### Aim of the exercise
Everything from the first line of the data through the line with "Containers waiting for" is to be echoed exactly, minus the pictures.

Records for the task Block Start

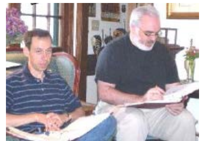
Figure 2 A parish ministry group develops plans for upcoming year.
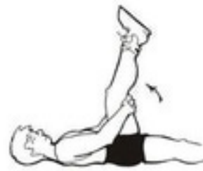
15. Hamstring Stretch (straighten leg) i. with foot pointed ii. with foot pulled back towards the knee
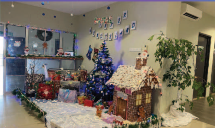
SRSC Christmas Decoration Competition. (8 December 2022)
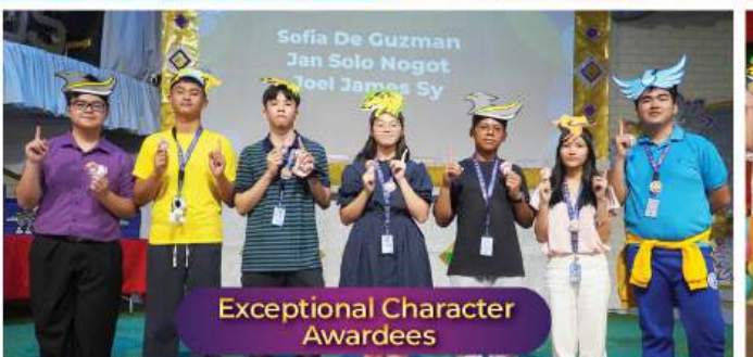
Exceptional Character Awardees
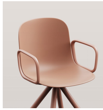
Arms - AC034 / AC038 Powder coated arms or polished arms.
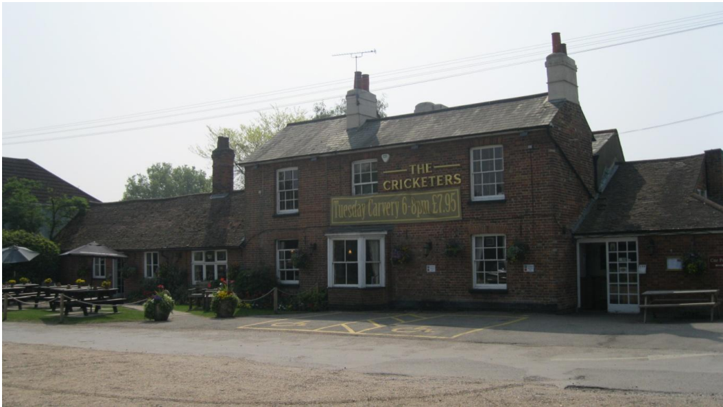
1. Front elevation of the Cricketers
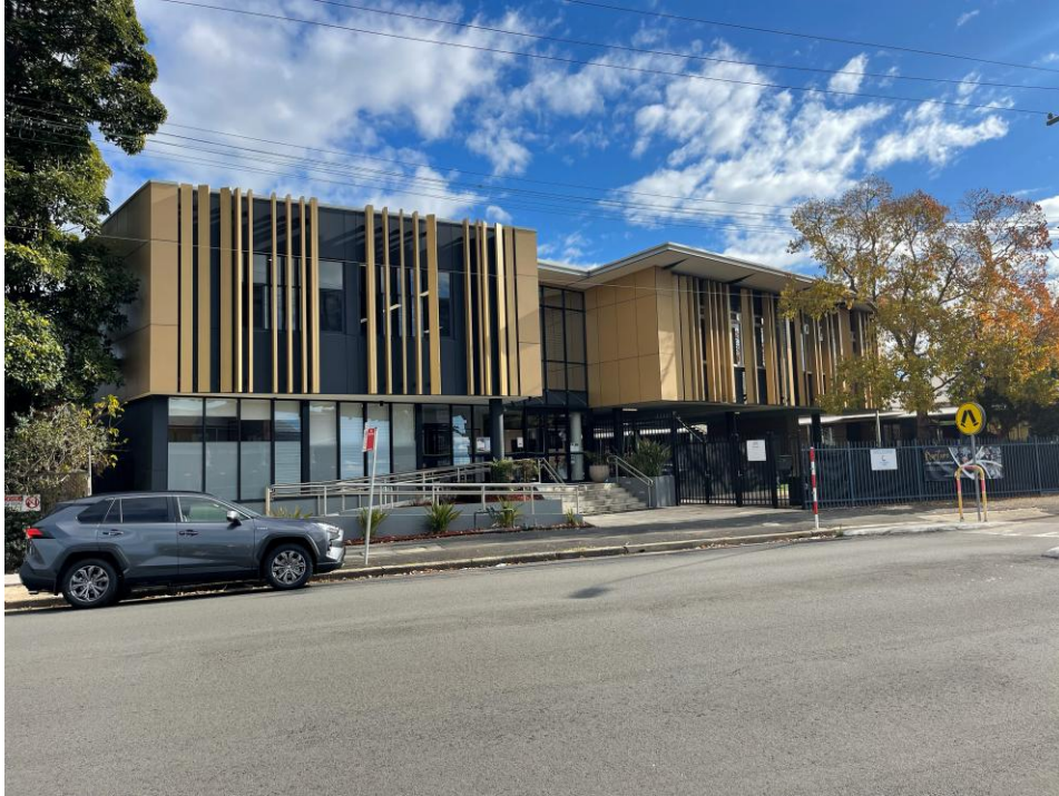
Fig 8: View of St Brendan's Catholic Primary School, located to the north-west of the subject premises
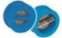
SKS 310D Dual Plate NRV
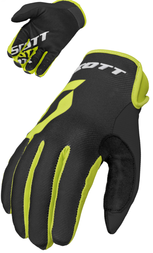
black/green - 1043
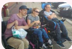
SelectionBOCS Days Out - Page 3
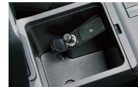
63 Cigarette lighter kit H6710FG000 Changes the accessory socket to a cigarette lighter.
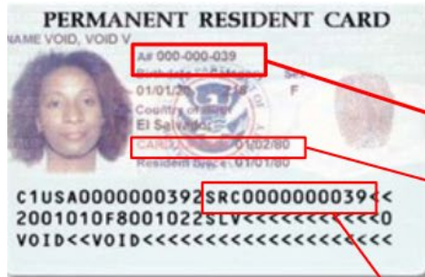
PREVIOUS VERSION PERMANENT RESIDENT CARD (FORM I-551) FRONT AND BACK
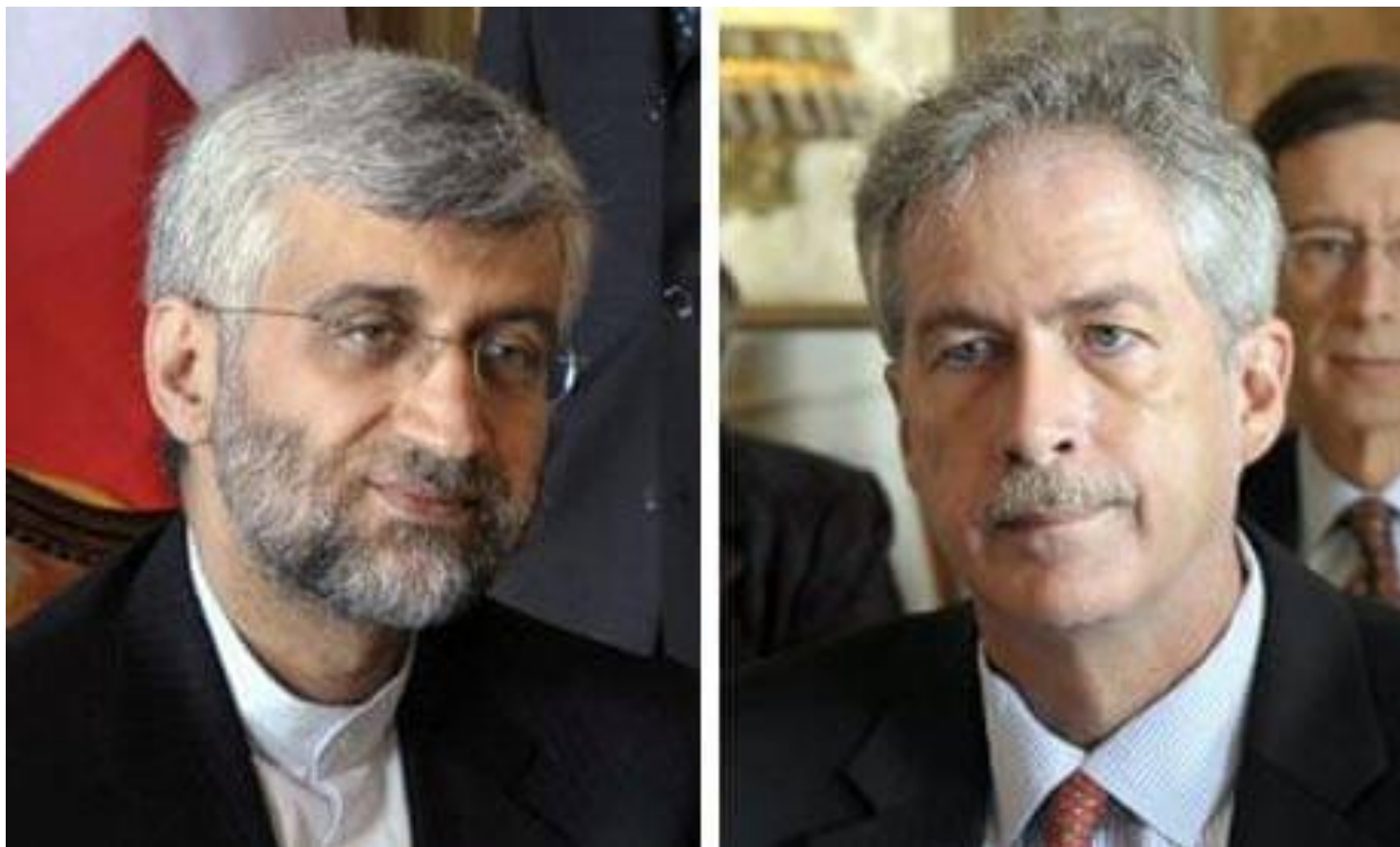
Geneva, October 2009
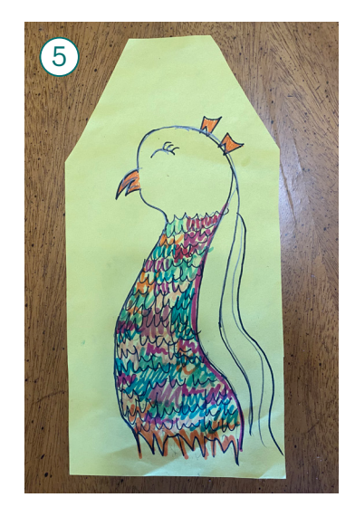
Color in your Amabie with the coloring pencils, using whatever colors you wish.
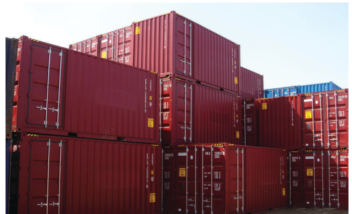
Containers waiting for delivery to our customers
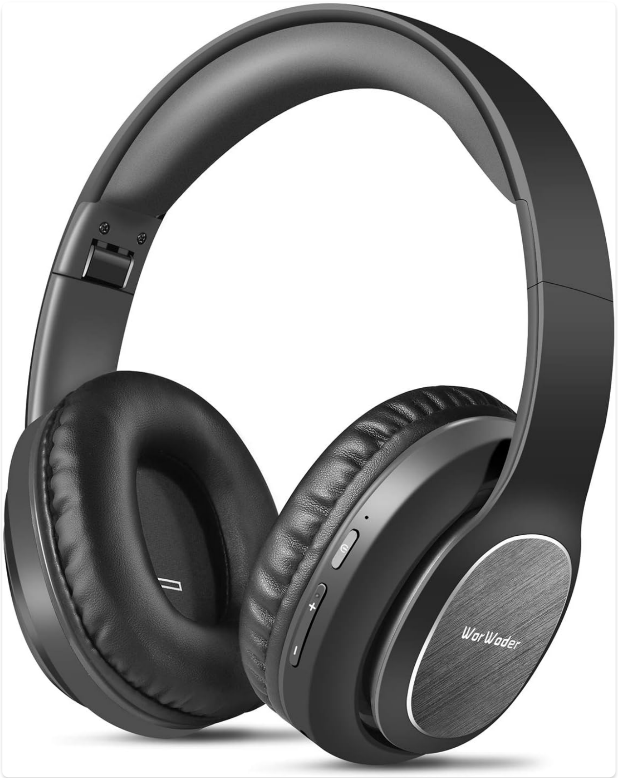
Image: The WorWoder W-915 headphones, the main product.

Records for the task Block End

### Result of this task
Figure 2 A parish ministry group develops plans for upcoming year.
15. Hamstring Stretch (straighten leg) i. with foot pointed ii. with foot pulled back towards the knee
SRSC Christmas Decoration Competition. (8 December 2022)
Exceptional Character Awardees
Arms - AC034 / AC038 Powder coated arms or polished arms.
1. Front elevation of the Cricketers
Fig 8: View of St Brendan's Catholic Primary School, located to the north-west of the subject premises
SKS 310D Dual Plate NRV
black/green - 1043
SelectionBOCS Days Out - Page 3
63 Cigarette lighter kit H6710FG000 Changes the accessory socket to a cigarette lighter.
PREVIOUS VERSION PERMANENT RESIDENT CARD (FORM I-551) FRONT AND BACK
Geneva, October 2009
Color in your Amabie with the coloring pencils, using whatever colors you wish.
Containers waiting for delivery to our customers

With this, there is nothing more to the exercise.